Gallery of Greece tells the story of the development of the Greek world from the Archaic and Classical periods, when the individual Greek cities competed for power, wealth and influence, through the Hellenistic period, when Alexander the Great consolidated and expanded the Greek empire, until Greece was conquered by the Romans.
Prince Takamado Gallery of Japan
Explore the civilization that gave us household words such as Samurai and netsuke. From Kyoto and Satsuma to Tokyo, Japanese culture unfolds in an outstanding presentation of ceramics, religious sculpture, prints, paintings, lacquers, furniture and armour.

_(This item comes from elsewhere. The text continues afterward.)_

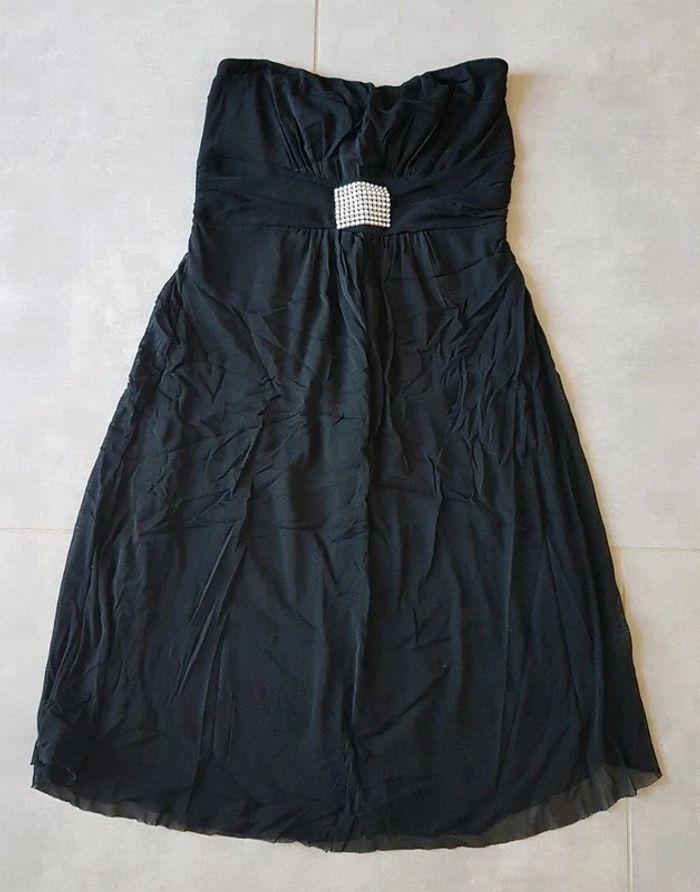 Robe courte noire sans bretelles, avec petits strass au centre de la poitrine, correspond à une taille L, en très bon état. Article lavé pour la vente.

In the gallery, unique and beautiful objects make reference to daily life during the Edo period, and Samurai armour conjures a time when these warriors were the ruling elite. Objects of porcelain and modern ceramics trace a legacy of artistry and creativity from the 15th century to the present. The gallery is named in memory of Prince Takamado (1954 – 2002), who was known in his native Japan as “Canada’s Prince”. The gallery celebrates his attachment to Canada and creates a lasting link between the two countries.
The ROM’s renowned European collections bear witness to the legacy of European style with objects prized for their beauty, rarity, and cultural importance. An entire wing in the gallery is dedicated to displays that provide a context for specialized collections themed to Culture & Context, Judaica, Art Deco and a ROM favourite – Arms and Armour.
Examine the influence these changes had through the lens of decorative arts development in central and Western Europe. Walk among period rooms and vignettes, including those of the Renaissance, Baroque, Rococo, Neoclassical, and Victorian periods, and discover the different stylistic signatures of each.
Wirth Gallery of the Middle East focuses on a geographic part of the Middle East, referred to as the Fertile Crescent, that stretches from the Eastern Mediterranean and Iraq to Iran and the Arabian Peninsula.
More than 1,000 artifacts from the Middle East are presented in thematic displays of Documents & Writing, Technology, Spirituality & Religion, Art in Life, and Arms & Armour.
The Natural History galleries are all gathered on the second floor of the museum. The gallery contains collections and samples of various animals such as bats, birds, and dinosaur bones and skeletons.